**Work task**
Begin at the line that has "玩家社区更多把「Palwor", stop after the line that has "Sakwa na ramę", and print exactly those lines from the records below, without any pictures.

**Source material**
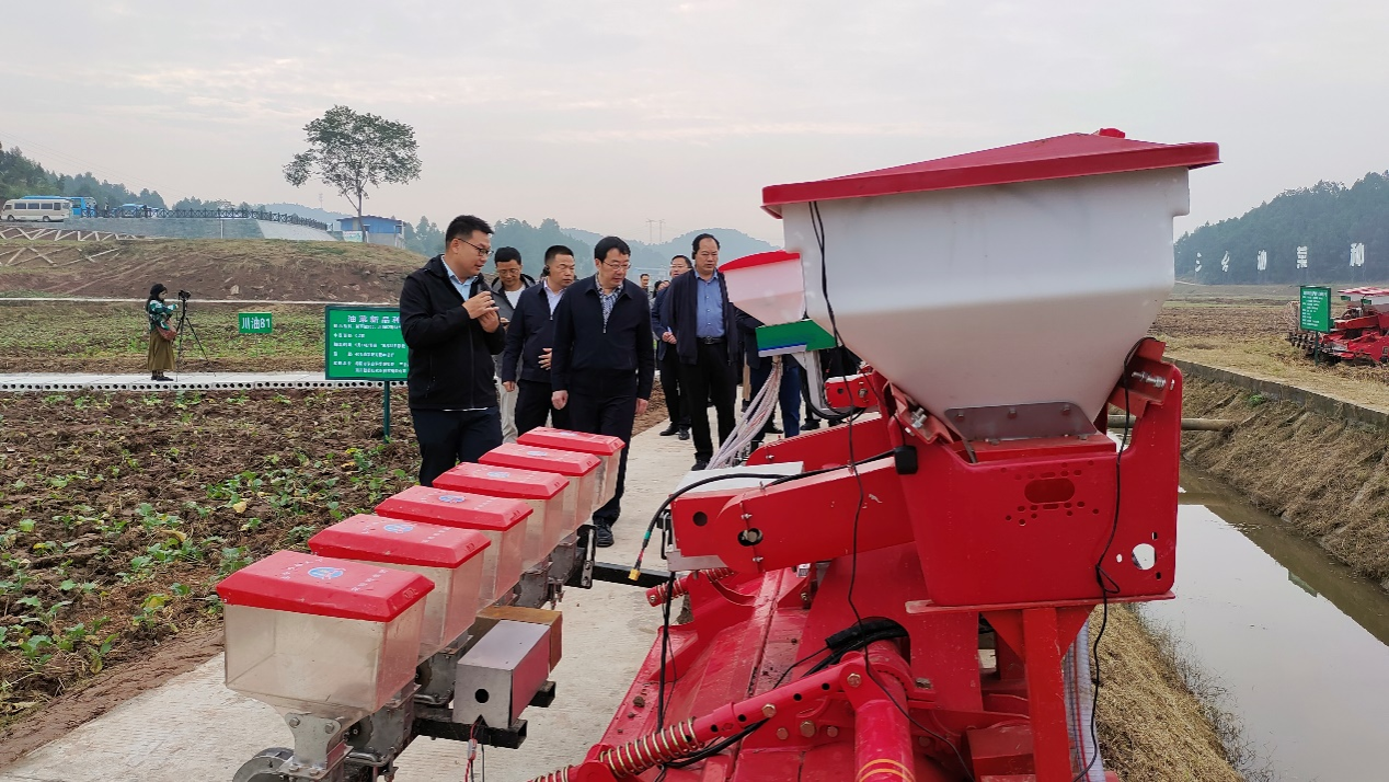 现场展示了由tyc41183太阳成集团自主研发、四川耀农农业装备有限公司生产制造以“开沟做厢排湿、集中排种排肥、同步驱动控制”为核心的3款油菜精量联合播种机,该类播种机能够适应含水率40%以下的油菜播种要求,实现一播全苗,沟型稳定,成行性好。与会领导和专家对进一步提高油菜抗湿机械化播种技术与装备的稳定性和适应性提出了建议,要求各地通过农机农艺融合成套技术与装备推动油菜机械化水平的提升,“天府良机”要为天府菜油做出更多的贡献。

---

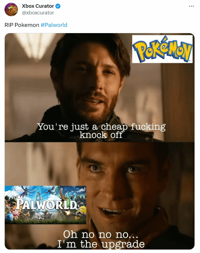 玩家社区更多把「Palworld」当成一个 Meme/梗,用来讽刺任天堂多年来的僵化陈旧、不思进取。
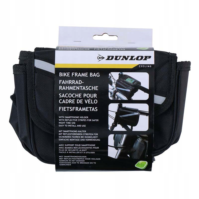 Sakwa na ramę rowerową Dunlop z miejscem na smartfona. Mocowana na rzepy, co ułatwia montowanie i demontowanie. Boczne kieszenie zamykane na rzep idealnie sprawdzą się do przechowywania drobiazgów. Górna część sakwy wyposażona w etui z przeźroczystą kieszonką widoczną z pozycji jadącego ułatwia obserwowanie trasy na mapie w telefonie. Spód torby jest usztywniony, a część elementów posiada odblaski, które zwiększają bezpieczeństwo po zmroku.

* * *

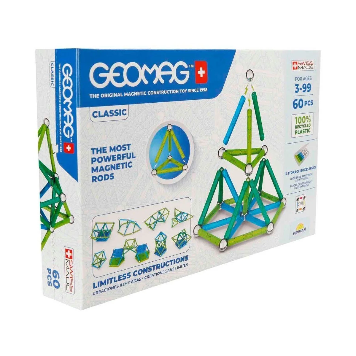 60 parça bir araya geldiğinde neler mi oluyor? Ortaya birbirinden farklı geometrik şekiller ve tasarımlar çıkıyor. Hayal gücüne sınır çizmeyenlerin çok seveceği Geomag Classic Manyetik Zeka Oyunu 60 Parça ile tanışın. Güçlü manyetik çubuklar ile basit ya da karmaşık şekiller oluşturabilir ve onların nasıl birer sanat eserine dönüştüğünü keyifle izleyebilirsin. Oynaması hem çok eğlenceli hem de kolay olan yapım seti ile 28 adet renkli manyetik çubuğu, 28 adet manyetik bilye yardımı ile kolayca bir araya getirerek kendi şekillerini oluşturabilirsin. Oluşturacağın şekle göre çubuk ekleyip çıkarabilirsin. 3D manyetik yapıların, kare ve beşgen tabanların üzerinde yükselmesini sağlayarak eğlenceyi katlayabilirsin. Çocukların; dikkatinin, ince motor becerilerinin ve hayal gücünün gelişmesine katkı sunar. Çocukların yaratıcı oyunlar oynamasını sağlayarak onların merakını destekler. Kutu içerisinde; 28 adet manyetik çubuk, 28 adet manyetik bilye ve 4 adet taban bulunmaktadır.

**Expected answer**
 玩家社区更多把「Palworld」当成一个 Meme/梗,用来讽刺任天堂多年来的僵化陈旧、不思进取。
 Sakwa na ramę rowerową Dunlop z miejscem na smartfona. Mocowana na rzepy, co ułatwia montowanie i demontowanie. Boczne kieszenie zamykane na rzep idealnie sprawdzą się do przechowywania drobiazgów. Górna część sakwy wyposażona w etui z przeźroczystą kieszonką widoczną z pozycji jadącego ułatwia obserwowanie trasy na mapie w telefonie. Spód torby jest usztywniony, a część elementów posiada odblaski, które zwiększają bezpieczeństwo po zmroku.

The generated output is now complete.